BEGIN Working data
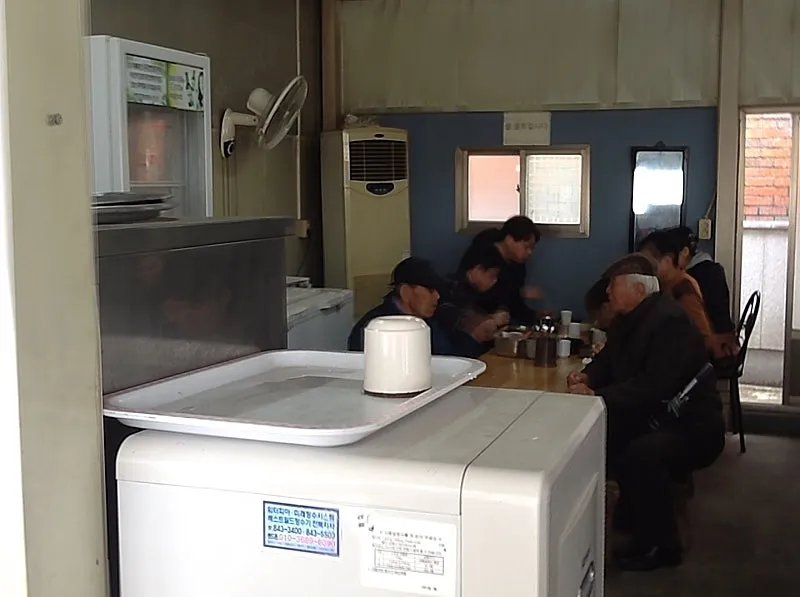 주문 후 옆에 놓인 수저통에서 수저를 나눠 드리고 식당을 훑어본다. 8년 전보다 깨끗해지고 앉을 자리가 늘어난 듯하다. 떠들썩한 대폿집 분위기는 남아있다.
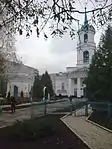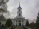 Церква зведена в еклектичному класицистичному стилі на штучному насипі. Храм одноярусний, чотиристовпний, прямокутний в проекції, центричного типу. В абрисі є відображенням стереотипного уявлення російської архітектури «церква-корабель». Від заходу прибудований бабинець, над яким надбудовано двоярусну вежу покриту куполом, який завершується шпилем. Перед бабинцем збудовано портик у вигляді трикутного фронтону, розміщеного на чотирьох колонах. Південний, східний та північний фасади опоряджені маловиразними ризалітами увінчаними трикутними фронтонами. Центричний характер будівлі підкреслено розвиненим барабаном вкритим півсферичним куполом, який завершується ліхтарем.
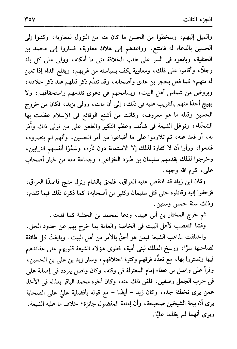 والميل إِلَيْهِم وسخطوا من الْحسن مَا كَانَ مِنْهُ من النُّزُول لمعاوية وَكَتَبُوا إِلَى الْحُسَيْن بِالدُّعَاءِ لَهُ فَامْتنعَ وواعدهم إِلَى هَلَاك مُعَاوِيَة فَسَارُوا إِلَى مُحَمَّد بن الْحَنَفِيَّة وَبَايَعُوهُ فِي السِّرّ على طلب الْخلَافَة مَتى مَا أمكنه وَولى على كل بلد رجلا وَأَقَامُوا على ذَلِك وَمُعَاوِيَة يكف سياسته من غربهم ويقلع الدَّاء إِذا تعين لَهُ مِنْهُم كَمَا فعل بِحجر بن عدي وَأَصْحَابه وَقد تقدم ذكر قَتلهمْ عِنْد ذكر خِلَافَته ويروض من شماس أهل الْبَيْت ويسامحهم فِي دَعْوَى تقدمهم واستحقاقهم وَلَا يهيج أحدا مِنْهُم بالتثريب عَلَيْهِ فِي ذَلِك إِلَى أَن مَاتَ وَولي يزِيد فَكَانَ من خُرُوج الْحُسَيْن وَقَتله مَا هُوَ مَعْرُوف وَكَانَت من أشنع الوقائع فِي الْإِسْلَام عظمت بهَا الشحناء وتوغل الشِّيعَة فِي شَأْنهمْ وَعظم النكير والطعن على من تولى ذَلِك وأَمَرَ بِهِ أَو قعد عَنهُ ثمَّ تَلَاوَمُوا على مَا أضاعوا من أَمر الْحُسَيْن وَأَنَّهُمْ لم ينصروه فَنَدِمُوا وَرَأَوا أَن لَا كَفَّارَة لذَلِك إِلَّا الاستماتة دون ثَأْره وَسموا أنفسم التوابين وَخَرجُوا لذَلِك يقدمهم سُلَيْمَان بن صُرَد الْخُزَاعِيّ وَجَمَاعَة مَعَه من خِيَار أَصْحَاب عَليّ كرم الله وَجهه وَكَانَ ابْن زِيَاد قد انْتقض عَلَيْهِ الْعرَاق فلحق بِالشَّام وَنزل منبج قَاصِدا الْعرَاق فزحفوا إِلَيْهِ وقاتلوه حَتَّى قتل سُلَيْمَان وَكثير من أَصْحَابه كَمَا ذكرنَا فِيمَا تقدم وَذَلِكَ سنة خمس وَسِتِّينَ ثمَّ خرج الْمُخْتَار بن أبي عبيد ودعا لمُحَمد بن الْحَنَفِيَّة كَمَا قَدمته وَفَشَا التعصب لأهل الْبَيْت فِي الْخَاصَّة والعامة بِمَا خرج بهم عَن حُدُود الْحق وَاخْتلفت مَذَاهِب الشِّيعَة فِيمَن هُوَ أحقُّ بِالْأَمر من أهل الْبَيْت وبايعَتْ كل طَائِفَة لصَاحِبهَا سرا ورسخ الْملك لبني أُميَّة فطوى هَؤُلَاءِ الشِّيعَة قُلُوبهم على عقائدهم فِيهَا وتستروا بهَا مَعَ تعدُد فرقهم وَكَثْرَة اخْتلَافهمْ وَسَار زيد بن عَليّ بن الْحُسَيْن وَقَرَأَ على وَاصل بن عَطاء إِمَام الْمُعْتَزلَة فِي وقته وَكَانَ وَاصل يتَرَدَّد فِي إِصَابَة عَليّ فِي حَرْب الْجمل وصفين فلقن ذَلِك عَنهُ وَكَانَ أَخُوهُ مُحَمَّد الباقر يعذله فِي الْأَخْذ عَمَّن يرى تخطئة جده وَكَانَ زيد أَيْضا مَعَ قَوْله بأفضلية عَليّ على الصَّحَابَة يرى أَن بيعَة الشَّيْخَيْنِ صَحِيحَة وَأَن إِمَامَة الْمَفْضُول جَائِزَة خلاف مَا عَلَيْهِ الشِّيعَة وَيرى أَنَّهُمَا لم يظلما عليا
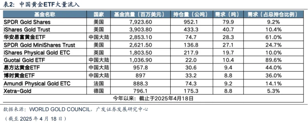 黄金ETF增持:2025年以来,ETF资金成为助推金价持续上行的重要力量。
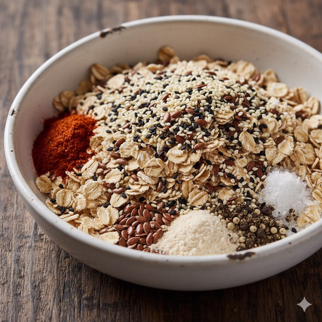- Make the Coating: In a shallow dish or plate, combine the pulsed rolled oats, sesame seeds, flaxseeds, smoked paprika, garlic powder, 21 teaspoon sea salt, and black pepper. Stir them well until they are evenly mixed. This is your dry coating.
END Working data
The output is the data above, repeated exactly, with pictures omitted.

 주문 후 옆에 놓인 수저통에서 수저를 나눠 드리고 식당을 훑어본다. 8년 전보다 깨끗해지고 앉을 자리가 늘어난 듯하다. 떠들썩한 대폿집 분위기는 남아있다.
 Церква зведена в еклектичному класицистичному стилі на штучному насипі. Храм одноярусний, чотиристовпний, прямокутний в проекції, центричного типу. В абрисі є відображенням стереотипного уявлення російської архітектури «церква-корабель». Від заходу прибудований бабинець, над яким надбудовано двоярусну вежу покриту куполом, який завершується шпилем. Перед бабинцем збудовано портик у вигляді трикутного фронтону, розміщеного на чотирьох колонах. Південний, східний та північний фасади опоряджені маловиразними ризалітами увінчаними трикутними фронтонами. Центричний характер будівлі підкреслено розвиненим барабаном вкритим півсферичним куполом, який завершується ліхтарем.
 والميل إِلَيْهِم وسخطوا من الْحسن مَا كَانَ مِنْهُ من النُّزُول لمعاوية وَكَتَبُوا إِلَى الْحُسَيْن بِالدُّعَاءِ لَهُ فَامْتنعَ وواعدهم إِلَى هَلَاك مُعَاوِيَة فَسَارُوا إِلَى مُحَمَّد بن الْحَنَفِيَّة وَبَايَعُوهُ فِي السِّرّ على طلب الْخلَافَة مَتى مَا أمكنه وَولى على كل بلد رجلا وَأَقَامُوا على ذَلِك وَمُعَاوِيَة يكف سياسته من غربهم ويقلع الدَّاء إِذا تعين لَهُ مِنْهُم كَمَا فعل بِحجر بن عدي وَأَصْحَابه وَقد تقدم ذكر قَتلهمْ عِنْد ذكر خِلَافَته ويروض من شماس أهل الْبَيْت ويسامحهم فِي دَعْوَى تقدمهم واستحقاقهم وَلَا يهيج أحدا مِنْهُم بالتثريب عَلَيْهِ فِي ذَلِك إِلَى أَن مَاتَ وَولي يزِيد فَكَانَ من خُرُوج الْحُسَيْن وَقَتله مَا هُوَ مَعْرُوف وَكَانَت من أشنع الوقائع فِي الْإِسْلَام عظمت بهَا الشحناء وتوغل الشِّيعَة فِي شَأْنهمْ وَعظم النكير والطعن على من تولى ذَلِك وأَمَرَ بِهِ أَو قعد عَنهُ ثمَّ تَلَاوَمُوا على مَا أضاعوا من أَمر الْحُسَيْن وَأَنَّهُمْ لم ينصروه فَنَدِمُوا وَرَأَوا أَن لَا كَفَّارَة لذَلِك إِلَّا الاستماتة دون ثَأْره وَسموا أنفسم التوابين وَخَرجُوا لذَلِك يقدمهم سُلَيْمَان بن صُرَد الْخُزَاعِيّ وَجَمَاعَة مَعَه من خِيَار أَصْحَاب عَليّ كرم الله وَجهه وَكَانَ ابْن زِيَاد قد انْتقض عَلَيْهِ الْعرَاق فلحق بِالشَّام وَنزل منبج قَاصِدا الْعرَاق فزحفوا إِلَيْهِ وقاتلوه حَتَّى قتل سُلَيْمَان وَكثير من أَصْحَابه كَمَا ذكرنَا فِيمَا تقدم وَذَلِكَ سنة خمس وَسِتِّينَ ثمَّ خرج الْمُخْتَار بن أبي عبيد ودعا لمُحَمد بن الْحَنَفِيَّة كَمَا قَدمته وَفَشَا التعصب لأهل الْبَيْت فِي الْخَاصَّة والعامة بِمَا خرج بهم عَن حُدُود الْحق وَاخْتلفت مَذَاهِب الشِّيعَة فِيمَن هُوَ أحقُّ بِالْأَمر من أهل الْبَيْت وبايعَتْ كل طَائِفَة لصَاحِبهَا سرا ورسخ الْملك لبني أُميَّة فطوى هَؤُلَاءِ الشِّيعَة قُلُوبهم على عقائدهم فِيهَا وتستروا بهَا مَعَ تعدُد فرقهم وَكَثْرَة اخْتلَافهمْ وَسَار زيد بن عَليّ بن الْحُسَيْن وَقَرَأَ على وَاصل بن عَطاء إِمَام الْمُعْتَزلَة فِي وقته وَكَانَ وَاصل يتَرَدَّد فِي إِصَابَة عَليّ فِي حَرْب الْجمل وصفين فلقن ذَلِك عَنهُ وَكَانَ أَخُوهُ مُحَمَّد الباقر يعذله فِي الْأَخْذ عَمَّن يرى تخطئة جده وَكَانَ زيد أَيْضا مَعَ قَوْله بأفضلية عَليّ على الصَّحَابَة يرى أَن بيعَة الشَّيْخَيْنِ صَحِيحَة وَأَن إِمَامَة الْمَفْضُول جَائِزَة خلاف مَا عَلَيْهِ الشِّيعَة وَيرى أَنَّهُمَا لم يظلما عليا
 黄金ETF增持:2025年以来,ETF资金成为助推金价持续上行的重要力量。
- Make the Coating: In a shallow dish or plate, combine the pulsed rolled oats, sesame seeds, flaxseeds, smoked paprika, garlic powder, 21 teaspoon sea salt, and black pepper. Stir them well until they are evenly mixed. This is your dry coating.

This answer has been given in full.